On Tue, Feb 20, 2018 at 2:22 PM, Sephiroth4269 notifications@github.com wrote:
Well that may be a roundabout solution to the neoscrypt issue. but do you have any ideas as to why my lyra2v2 isnt working? The person who started this thread saw numbers of 100MH after tweaking it a bit. I obviously dont have access or the knowledge to delve into the algorithm itself, but the issue I have with that particular algorithm is the fact that it won't even connect to the server in the first place which can be seen in above pictures. What would be causing that? it keeps saying invalid argument on line 279, and 280.
How can I fix that argument? what is that argument? does it have to with the pool or the algorithm?
— You are receiving this because you authored the thread. Reply to this email directly, view it on GitHub https://github.com/KlausT/ccminer/issues/101#issuecomment-367105591, or mute the thread https://github.com/notifications/unsubscribe-auth/AhKu4F6JyMtrnjXGu18kpCHbRlBAXwkTks5tWyhrgaJpZM4RLYj1 .
The error you get when you try lyra2v2, is it always GPU#1 ?
That's your 780Ti, right?
What error message do you get when you add the option --debug
?
I haven't tried the debug yet, or turning off the CPU validation as I wasn't aware of them, or what their effects would be regardless. I will test that out tonight when I get back from work and send a screen shot! @KlausT you have been a phenomenal help throughout all of this and I really do appreciate it. I'm sorry if it feels like I'm trying to get you to reinvent the wheel for me that isn't my intention, I am solely trying to get my hardware to work with your software.
@eruditej I would be very interested in having that conversation with you, on how to write algorithm script. I've been beating my head against the wall with the CUDA parameters, mostly because I have no idea where to start. All of the tutorials are written for advanced users (obviously), but if I can get a direction to a good starting place, which folder, which file, which editing software, etc. I think I could play around with it easily enough.
I've also noticed that when I run lyra2rev2 it crashed on the ccminer, so I looked up the other algorithms that were supported and that specific string was not anywhere to be found. That being said, I could be mistaken, or perhaps I was looking at the wrong one.
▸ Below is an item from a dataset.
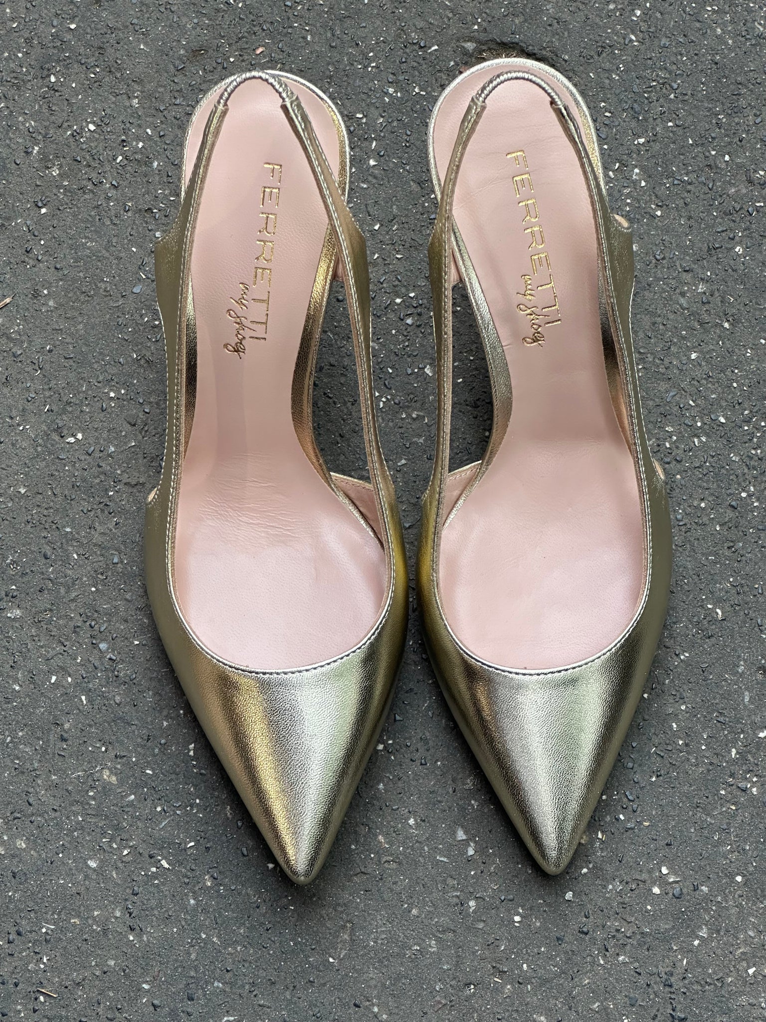 Platinum-colored laminated leather slingback with a tapered silhouette and a 2.8-inch heel. It features a classic round toe and is distinguished by two side slits. It has a small elastic band at the heel that allows it to hug the foot snugly and improve the fit.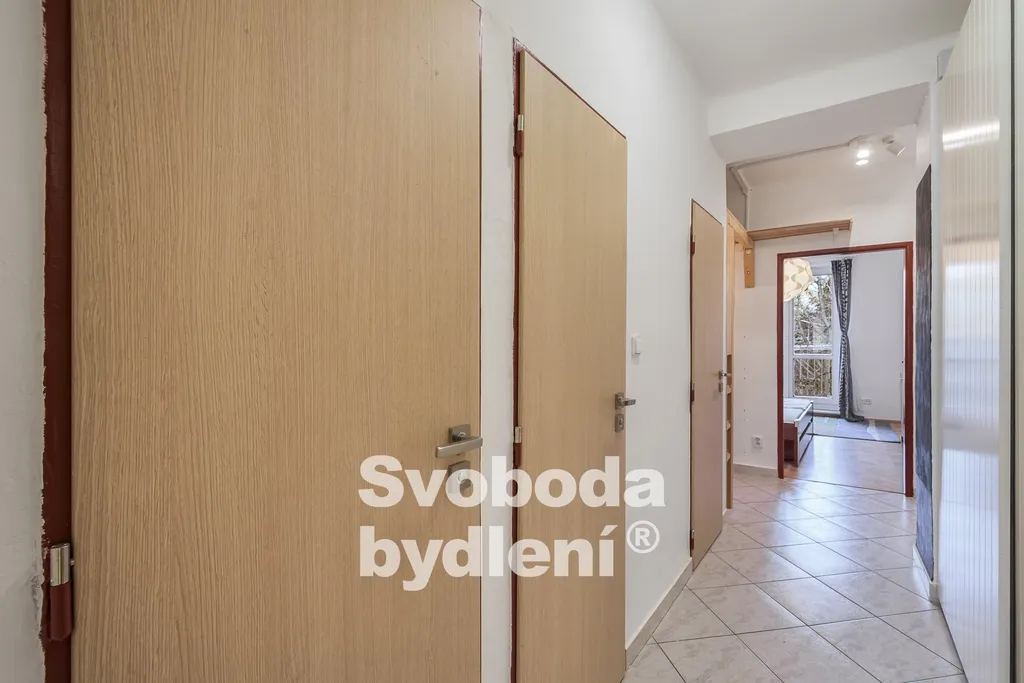 Vstupní dveře bytu vedou do předsíně tvaru L (cca 10m2). V pravé části nalezneme vstup do pokoje (cca 14m2) s balkonem, v čele předsíně další pokoj (cca 18,2), jenž je propojen také s obývacím prostorem. V levé části předsíně se nachází komora s pračkou, koupelna, samostatná toaleta a čelo předsíně uzavírají posuvné dveře do kuchyně (cca 8m2), na níž navazuje obývací prostor (cca 19m2). (Přiložený plánek je pouze orientační, určený k náhledu rozmístění místností).

That also being said I will try using that in place of the string: lyra2v2 and see what that results as.
Unfortunately I work nights so that may take a while. So far though I believe we have ruled out: Titan V, drivers, "tuning", mining pools, and the ccminer itself. The only variables left are: cpu, debug, other things I know nothing about?
So the issue was that my other graphics card was causing it too fail haha.....sorry for the mess...
@eruditej @KlausT Food for thought. I was using Multipoolminer for my mining and then I started experimenting with different .exe files, versus algorithms, and I cam across this:
Fir the record I have no idea how or why this is possible. I am using the "nanashi" .exe version of lyra2z mining and for whatever reason the 780ti is leaps and bounds better than the Titan V in this instance. This brings me to my question. These hashrates are real. They are clearly being calculated and felt by the miner. How do we translate that into received nonces and shares?
I am unsure what the issue is exactly. tpruvot 2.2.3 gives me twice the hashrate of klaust even though you are building sm_70 w/ cuda 9.1
using the latest drivers, tpruvot gives me about 90-100 MH/s klaust gives me 40-42 MH/s
The skew is so large, im suspecting something simple around the profile of the card specific code.
Also, thank you for making your code so much cleaner. I can actually load it in VS and build vs tpru where I have to redo the entire compat system to make it build on anything newer than VS13.